I've always been vaguely aware that the creche scene offered wide possibilities as an art form, but it wasn't until I saw an exhibit at Mepkin Abbey that I really understood that the creche could be post-modern, surreal, or something more than the generally insipid creche scenes that I'd seen before. The Abbey has a slide show up at their website, and I highly recommend it, even if you're not a Christian, not into creche scenes, not a Christmas person . . .
This time of year consumes us all, to some extent, no matter how much we resist. It's the rare person who doesn't find their pace of life shifting into hectic mode in December. Many of us are also working longer hours, if we're lucky enough to have held onto our jobs, because work forces have been slashed, and those of us left behind often have to do several jobs.
I love something we can do at our computers to encourage us to take time out, to breathe, to reflect on what's important. Many of us have Internet access at work, and you can visit a website, and it will look like you're working (unlike, say, if you did some yoga positions or went into full meditation mode or baked Christmas cookies in the company kitchen).

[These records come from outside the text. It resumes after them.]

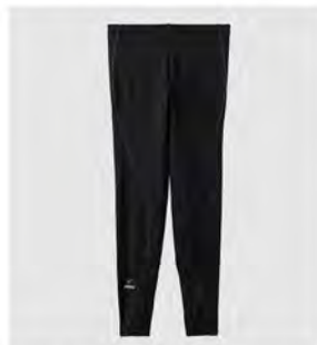
ブラック×ブラック ロングタイツ [6433] ¥13,200(税込) Size: M/L/XL/XXL
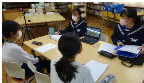
南の丘学園リーダーミーティング

第3弾の新交通安全ユニット「 交通ルールを守ろうYo! 」は、地域の交通安全運動に参加し、広愛大橋からセブンイレブンのある交差点までを、交通安全を呼び掛けて、歩く活動を寒い中でも負けず、意欲的に行いました。1年生が初めてユニットリーダーに挑戦しました。
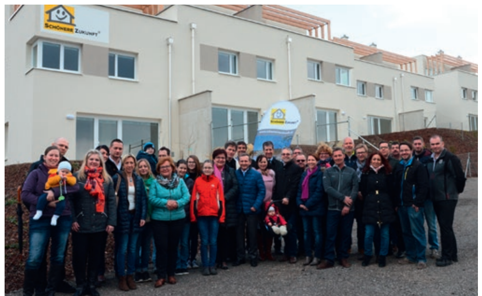
Im Rahmen der feierlichen Schlüsselübergabe wurden den Mietern die Reihenhäuser bzw. die Wohnungen übergeben

Ich möchte mich beim Gemeinderat für die Disziplin bei den Beschlüssen und seinen Weitblick recht herzlich bedanken. Dadurch konnten wir wieder unsere Pro-Kopf-Verschuldung senken und somit einen wichtigen Beitrag für die nachhaltige Entwicklung der Marktgemeinde leisten.
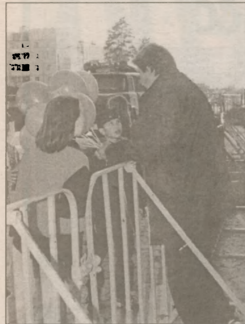
Каждый славутичский ребенок в День города получил пачку мороженого и вдобавок шарик с гербом Славутича и лозунгом праздника
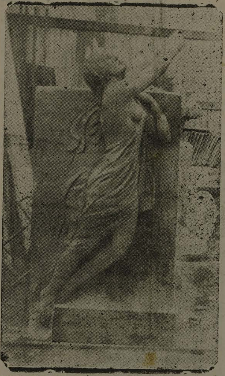
Detalhe do monumento a Hercílio Luz que deveria ser erigido nesta Capital

E Hercílio Luz, grande entre os maiores, pelo seu inconfundível amôr ao torrão natal, pelas suas realizações audaciosas na grandiosidade, pelo seu destemor nas lutas da democracia, deve ter o seu nome ligado, não apenas a uma praça da pequena vila de Biguassú, mas a todas as comemorações cívicas em memória de nossos mor-
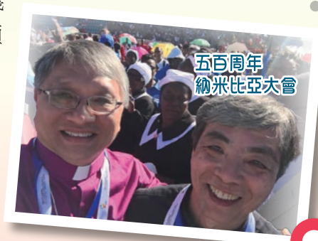
五百周年 納米比亞大會

World Federation, LWF）（下稱世信聯）選定了非洲的納米比亞舉行六年一次的大會，並同時舉行教會改革運動五百周年紀念崇拜，我亦有幸踏上這段路途，參加了這次大會和五百周年紀念崇拜。崇拜場地是一個

I also love this slide show because it shows us that wide range of construction materials that creche makers can employ. There are creches made of clay, wood, and other traditional materials. There are also creches made of castaway cloth, tightly rolled up, and made into figures. There's a creche made of old-fashioned clothespins. Several are made with paper.
I've always felt fortunate to be a poet, because I've never been at a point where I couldn't afford pen and paper. These creche scenes show us that beautiful art can be made with all sorts of materials.
In December, I find my brain circling back to the Christmases of my childhood, which took place as much in church as at home. I think of Christmas pageants, which were living creche scenes, among other things. I think of how we decorated, with the simple creche that my parents bought years earlier in Scandinavia, and with other, more complicated creche scenes we picked up along the way.
I find myself wanting to create something whimsical, something more than words on paper. I often venture into fabric art as my alternate creative endeavor, but lately, I've been stitching baby blankets, something practical, something that I can do without thinking.
Maybe this week, as Christmas approaches, I'll haul out my art supplies, my beads and cloth, my box of buttons. Maybe I'll create a creche of my own.